For those of you caught up in the antics on Capitol Hill, you may not have noticed something this week that I found quite extraordinary. As of Friday morning, I was able to identify 18 companies that resumed paying or increased their dividends in this holiday-shortened week. Here they are:
|El Paso Pipeline Partners||EPB||12.5%|
|Spectra Energy Partners||SEP||2.5%|
The list is broad and covers all shapes and sizes of companies, from mega-cap Tech company Intel (NASDAQ:INTC) to companies many of us have never heard of. In any event, after a year of record slashing, with many companies cutting or eliminating their dividends, it is nice to see more optimism. I saw chatter of the resumption of share repurchase programs as well.
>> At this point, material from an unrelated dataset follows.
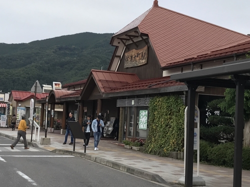 左の写真がJR信濃大町駅。「大町温泉郷行き」のバスは出口を出て左側にあります。温泉郷には宿以外の飲食店はあまりないので、ランチは温泉郷に着くまでに済ませ、夕食は宿泊先で、というようにするのがいいでしょう。

While it would be nice to say that this is the kind of sign that suggests a higher market, I wouldn't go that far. While on the one hand, capital-rich companies (though not all of these hikers fit that bill), are in a position to reward shareholders, there is a whole plethora of companies that need capital. In the table below are equity deals that were priced just this week:
|El Paso Pipeline Partners||EPB||$236|
|Hersha Hospitality Trust||HT||$155|
|Nordic American Tanker||NAT||$122|
|Fifth Street Finance||FSC||$77|
|China Marine Food Group||OTCPK:CMFO||$30|
It's so cliche (and self-serving) for stock pickers like me to say that this will be a year for the stock pickers, but it really is shaping up that way out of the gate. I am sticking to my strategy that I have shared since 2007 of focusing on companies with strong balance sheets and/or defensive businesses.